- [About this exercise] Every line below should come back exactly as written, though the pictures stay out.

- [Exercise data]
>>>
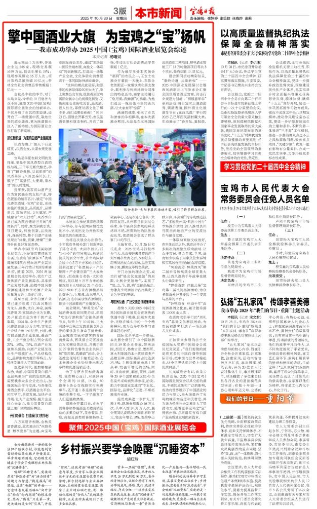 長風破浪會有時,直掛云帆濟滄海。2025中國(寶雞)國際酒業展覽會以其空前的盛況、豐碩的成果和廣泛的影響,成功向世界展示了中國酒業的活力與潛力,極大地提升了寶雞的城市知名度和美譽度,并為地方經濟社會發展注入了強勁動力。隨著更多寶雞之“寶”揚帆出海,必將譜寫寶雞白酒產業高質量發展的新篇章。(寶雞融媒 楊曙斌)
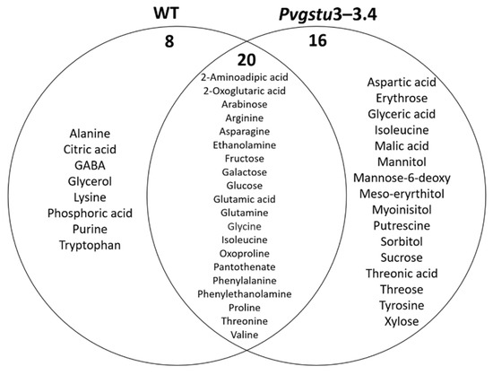 Overexpression of the Pvgstu3–3.4 had a significant effect on the metabolic profile of transgenic plants under nonstressed conditions as indicated by the 23 out of 50 metabolites being significantly different from the WT plants, 20 of which were downregulated and only three were upregulated (Table 4; Figure 6). The metabolites that were downregulated were mainly soluble sugars (five), such as sucrose, fructose and glucose, amino acids (nine), such as valine, proline, oxoproline, the soluble alcohols mannitol, sorbitol and myo-inositol and the organic acids malic and glyceric acid.
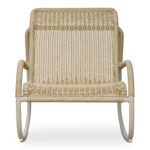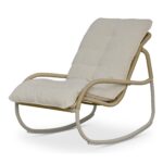 The Lyra rocking chair’s sleek aluminum frame harmoniously blends with synthetic wicker, creating an understated luxe feel. The plush cushion molds to your body, inviting relaxation. Remove the cushion to reveal intricate woven seating, offering a minimalist alternative.
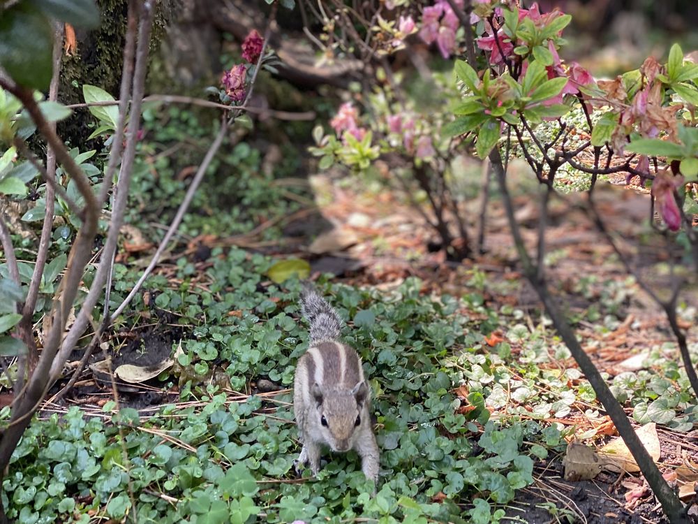 The garden of dreams has its own greeter. This little Kathmandu local decides to pause its nut-finding mission to closely inspect our hands. Perhaps it was hoping we had snacks, or maybe it was just checking our vibes. What a curious character!
<<<
- [Solution to the exercise]
 長風破浪會有時,直掛云帆濟滄海。2025中國(寶雞)國際酒業展覽會以其空前的盛況、豐碩的成果和廣泛的影響,成功向世界展示了中國酒業的活力與潛力,極大地提升了寶雞的城市知名度和美譽度,并為地方經濟社會發展注入了強勁動力。隨著更多寶雞之“寶”揚帆出海,必將譜寫寶雞白酒產業高質量發展的新篇章。(寶雞融媒 楊曙斌)
 Overexpression of the Pvgstu3–3.4 had a significant effect on the metabolic profile of transgenic plants under nonstressed conditions as indicated by the 23 out of 50 metabolites being significantly different from the WT plants, 20 of which were downregulated and only three were upregulated (Table 4; Figure 6). The metabolites that were downregulated were mainly soluble sugars (five), such as sucrose, fructose and glucose, amino acids (nine), such as valine, proline, oxoproline, the soluble alcohols mannitol, sorbitol and myo-inositol and the organic acids malic and glyceric acid.
 The Lyra rocking chair’s sleek aluminum frame harmoniously blends with synthetic wicker, creating an understated luxe feel. The plush cushion molds to your body, inviting relaxation. Remove the cushion to reveal intricate woven seating, offering a minimalist alternative.
 The garden of dreams has its own greeter. This little Kathmandu local decides to pause its nut-finding mission to closely inspect our hands. Perhaps it was hoping we had snacks, or maybe it was just checking our vibes. What a curious character!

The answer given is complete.